Leaseweb bought them...which brings me to my regionalized list of go-to VPS providers (_disclaimer: I primarily use dedicateds these days and my go-to list of dedicated providers for production is entirely different with the exception of Hetzner_):

Singapore/Netherlands (Haarlem)/US East Coast (Virginia): Leaseweb. KVM. I've been been using their Singapore location since they opened there in 2015 without any problems, network and uptime are far superior to the others I tried before them in Singapore (DigitalOcean and a bunch of local providers). Their Netherlands and Virginia locations are also good.
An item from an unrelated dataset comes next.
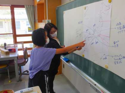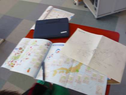 自分が知っていたり、行ったりした都道府県をボードの日本地図に貼っていました。
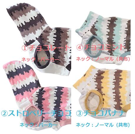 お色は① チョコレート、② ストロベリーチョコ、③ チョコバナナ、④ チョコミント の4色展開です。

Japan (Tokyo)/US West Coast (Los Angeles). Vultr. KVM. Their Japan location is very stable now and much improved over when they first opened in Japan. Los Angeles location is good and very stable. I'd pick Vultr over DigitalOcean any day because I was less than impressed by DO's stability when I used them a few years ago (New York, Singapore locations)...

Russia (Saint Petersburg and Moscow): VScale.io. KVM. See my VPSboard review, excellent stability, good network, excellent support. Vscale and their parent Selectel are the only providers I'll consider in Russia.
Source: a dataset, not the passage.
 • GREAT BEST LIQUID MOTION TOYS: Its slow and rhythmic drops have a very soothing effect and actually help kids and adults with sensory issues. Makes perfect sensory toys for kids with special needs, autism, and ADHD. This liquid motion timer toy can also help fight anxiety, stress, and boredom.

Italy (Arezzo)/UK (London): ArubaCloud. VMware. Very stable, excellent network in Italy. UK is also good.

Germany (Dusseldorf): Bradler& Krantz's brands ProviderService and UltraVPS.eu. KVM. Excellent stability

Germany (Falkenstein/Nuremberg): Hetzner. KVM. Excellent network. Their VPSs are good for utility roles like DNS etc.

The one thing every provider on this list has in common is stability. In the past 12 months I've opened a combined total of 0 support tickets with these providers.


----------



## jarland (May 11, 2017)

Jonathan said:


> Can't imagine why you use DO



I can't think of one! No but really, I often ask myself the question "Would I use DO if I didn't work there?" The answer is yes, but probably not to the degree that I do. If I had a larger scale business with higher margins I think that might be different, but I operate on the mid range of costs and the low end of margins where I make plenty of profit at scale but need more disk than I can get with an SSD-based provider at reasonable cost. Unique situation, but I did enjoy the product before I applied and that was a driving factor behind my application at least.

I still have KnownHost on my short list for managed providers too


----------



## ChrisM (May 11, 2017)

jarland said:


> I still have KnownHost on my short list for managed providers too



Glad to hear it!


----------



## Lee (May 13, 2017)

So, spent most of today looking through everything and I have got a list of what I need to move, I reckon Digital Ocean it is, 4 droplets and a cPanel VPS should cover it. Now I just need to make it all happen...


----------